Ekonomik verilerde ve işsizlik görünümünde adeta yaprak dökümü desek yeri var. Ne yazık ki bu yılın ilk çeyreğinde Borsa İstanbul’da işlem gören şirketlerin 265’i zarar etti.
Bu durum beraberinde güçlü bir işsizlik dalgasına neden olur mu diye konuşulurken dün o istenmeyen açıklama geldi ve daralan satışlar ile teknolojik gelişmeler bahane edilerek binlerce çalışanın işine son verileceği açıklandı.
Başta beyaz eşya tarafı olmak üzere, imalat sektöründe önüne geçilemeyen ham madde fiyatlarındaki yükselme hem üretimi hem de işsizliği adeta tehdit etmekte. Vestel’in 2000 emekçiyi işten çıkaracağı haberi herkesi üzdü.

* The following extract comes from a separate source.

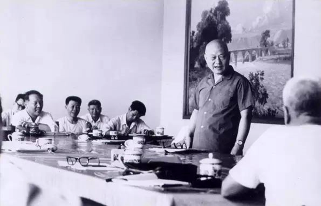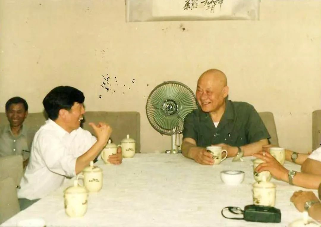 图 |20世纪80年代项南与作者(左)在福建省人民政府驻京办事处会议室亲切交流
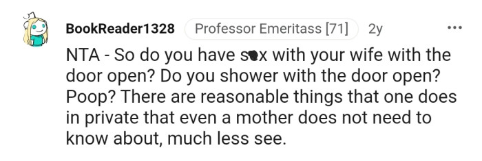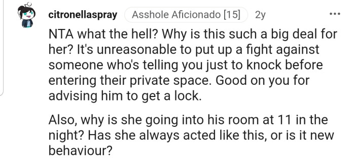 However, her stance on the situation didn’t change, so OP threatened that if she continued to enter their son’s room without knocking, he would get a lock for the room.

Konkordato tarafında sıkı para politikasının getirdiği olumsuz sonuçların görece daha küçük firmalar üzerinde ne kadar büyük baskı ve risk yarattığını son iki yıldır hep birlikte takip etmekteyiz. Yüksek faizlerle oluşturulan finansal yeniden yapılandırmalar günün sonunda daha büyük borçların ödenmesine neden olmakta… Acil olarak ucuz para, fiyatı yükselmeyen hammadde ve gerçekten düşen enflasyon verileri hep birlikte yakalanmak zorunda.
Borcun borçla ödenmesi mümkün olmadığı gibi varlık satışları yolu ile elde edilen gelirlerden uzun soluklu üretimin desteklenmesi de mümkün değil. Bu doğrultuda tüm sektörlerde üretim bantlarının yeniden güçlü bir şekilde çalışması ve fiyat istikrarının sağlanması ile en azından mevcut istihdam sayılarının korunması önemli.
Alınacak Önlemlerin Başında Hukuki Güvence Şart
Sıcak paraya olan ihtiyacın karşılanması, yabancı sermayenin yönünü tekrar ve güçlü bir şekilde ülkemize çevirmesi şart. Bu yönde yabancının ilgisini çekecek bir dizi hukuki önlem ve finansal piyasalarda güven uyandırıcı adımların büyük bir kararlılıkla atılmaması halinde yarın çok geç olabilir.